Downregulation of Idh2 promotes senescence in mouse embryonic fibroblasts (MEFs) through suppressing Cdk2. (A) Wild type and Idh2 knockout MEFs were incubated with propidium iodide for 15 min at 37°C. Cell cycle was detected with flow cytometry. (B) Cyclin-dependent kinase protein levels were detected with western blot analysis in wild type and Idh2 knockout MEFs.

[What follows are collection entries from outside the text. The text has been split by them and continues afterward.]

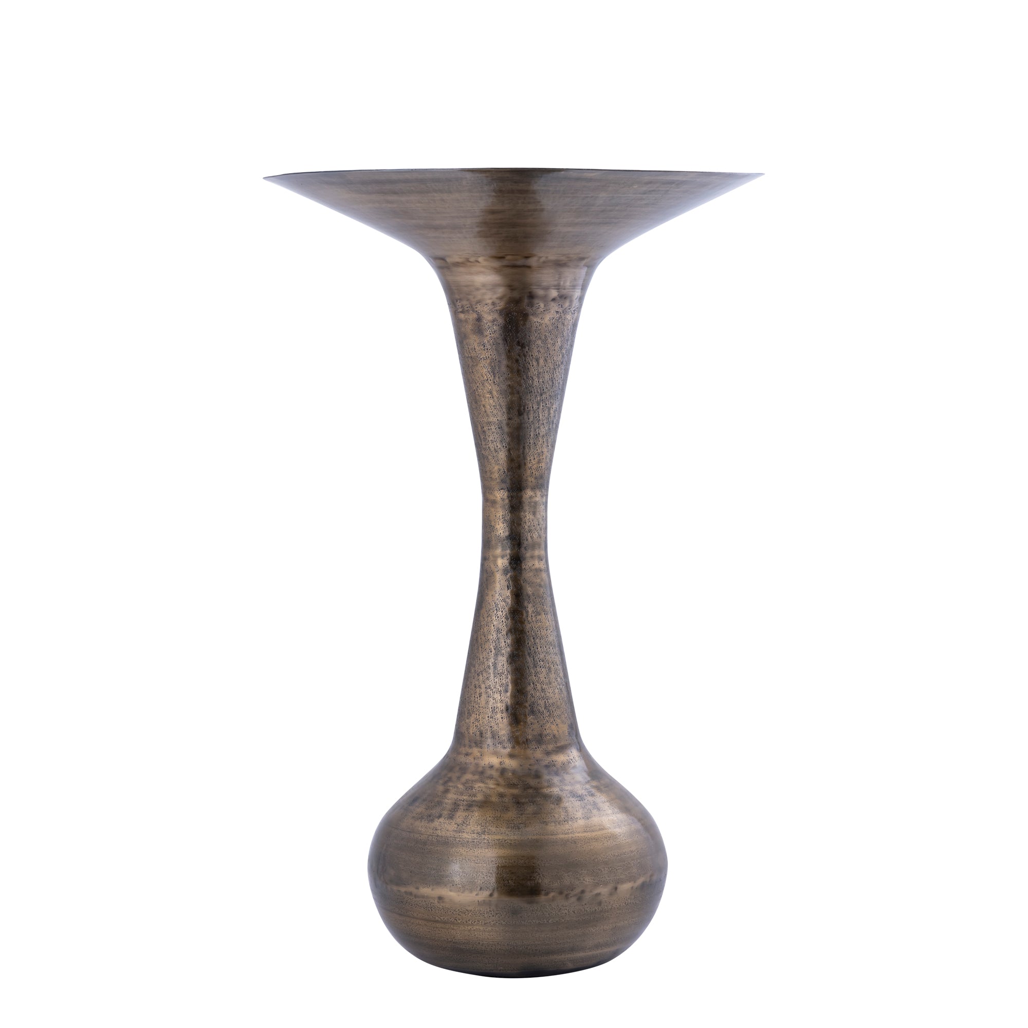 De PTMD Aarna pot heeft een opvallend ontwerp met een antique brass afwerking die het een vintage uitstraling geeft. Het handgemaakte aluminium materiaal en de gedetailleerde vorm zorgen voor een authentieke, tijdloze uitstraling die perfect past in elk interieur dat op zoek is naar een luxe uitstraling.
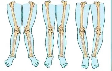 X型腿(膝外翻) 表现为双腿并拢站立时,双膝内侧相互接触,而双脚踝无法靠拢,呈“X”形。多发于儿童发育期,成人则可能由退行性病变、外伤或代谢性疾病引起。
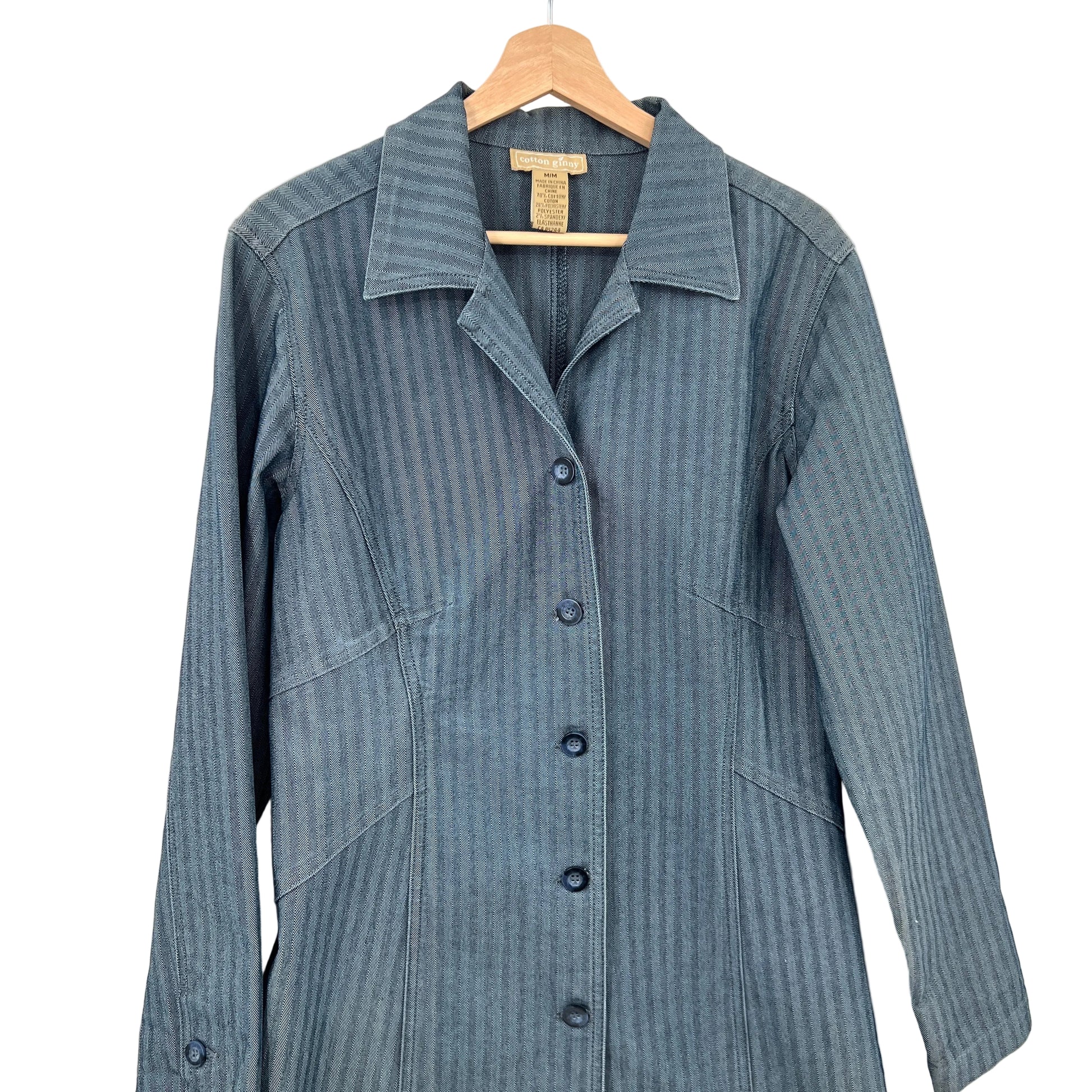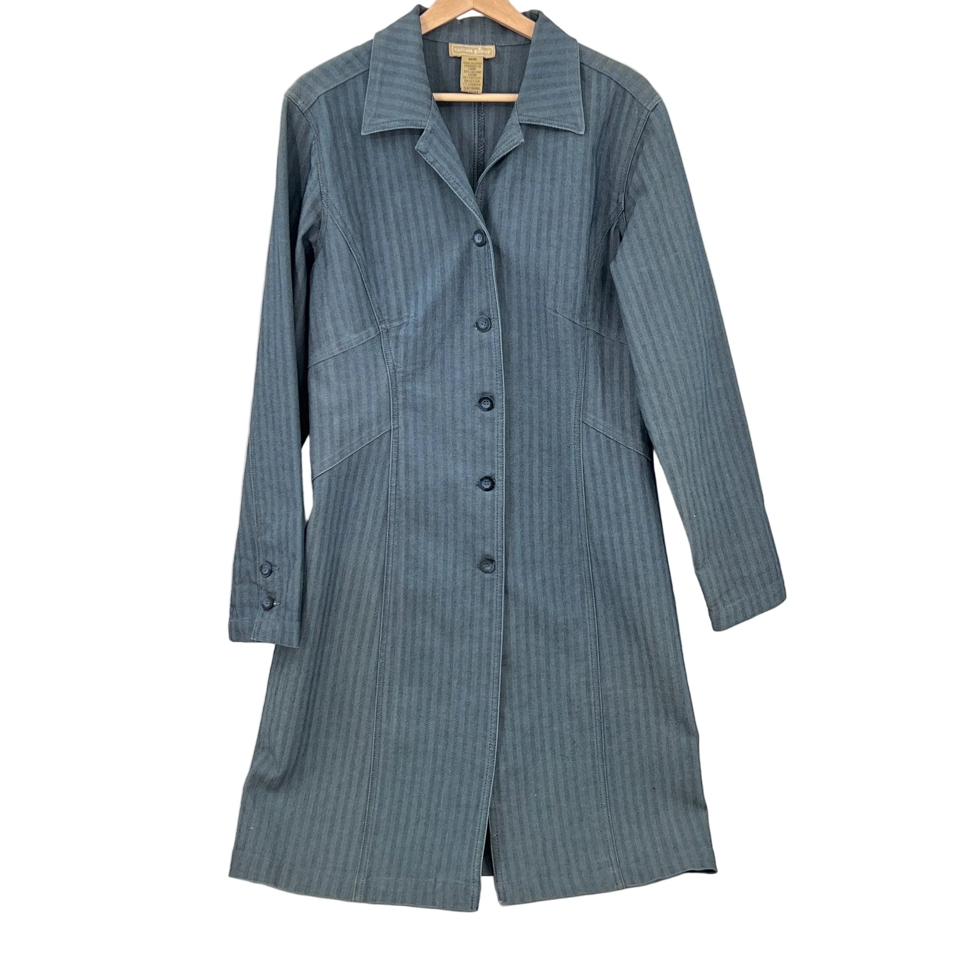 Brand: Cotton Ginny | cotton blend, unlined, long style, light jacket coat, stripes print on fabric, overall good pre-owned and vintage condition

The following antibodies were used for detection: anti-p21, anti-Cdk1, anti-Cdk2, anti-Cdk4, anti-Cdk6, and anti-β-actin. Data are expressed as means ± SD (n = 3). *p < 0.05, **p < 0.01, and ***p < 0.001.

Figure 7

Overexpression of Idh2 prevents the acceleration of senescence in mouse embryonic fibroblasts (MEFs). (A) SA-β-gal staining of control and Idh2-overexpressing MEFs. pLenti 6.3 Idh2 plasmid was transfected into Passage 8 (P8) MEFs. (B) Statistical analysis of SA-β-gal-stained positive cells between control and Idh2-overexpressing MEFs. (C) Senescence-associated marker proteins were detected using western blot analysis in control and Idh2-overexpressing MEFs. The following antibodies were used for detection: anti-Idh2, anti-p16, anti-p21, anti-p53, and anti-β-actin. (D) Pro-inflammatory mediators, reactive oxygen species (ROS) marker proteins, and cyclin-dependent kinase 2 were detected using western blot analysis. The following antibodies were used for detection: anti-iNOS, anti-Cox-2, anti-Prx-SO₃, and anti-β-actin. (E) Relative intracellular ROS levels were detected in control and Idh2-overexpressing MEFs. Intracellular ROS were detected by flow cytometry. Data are expressed as means ± SD (n = 3). *p < 0.05, **p < 0.01, and ***p < 0.001.

Figure 8

Graphical abstract of the senescence pathway in Idh2-deficient conditions. Idh2 deficiency-induced ROS generation accelerates p53 and p21 signaling pathways which inhibit Cdk2 expression. Furthermore, overexpression of Idh2 prevented senescence-associated phenotypes by decreasing the levels of senescence signaling pathway-associated proteins p21 and p53.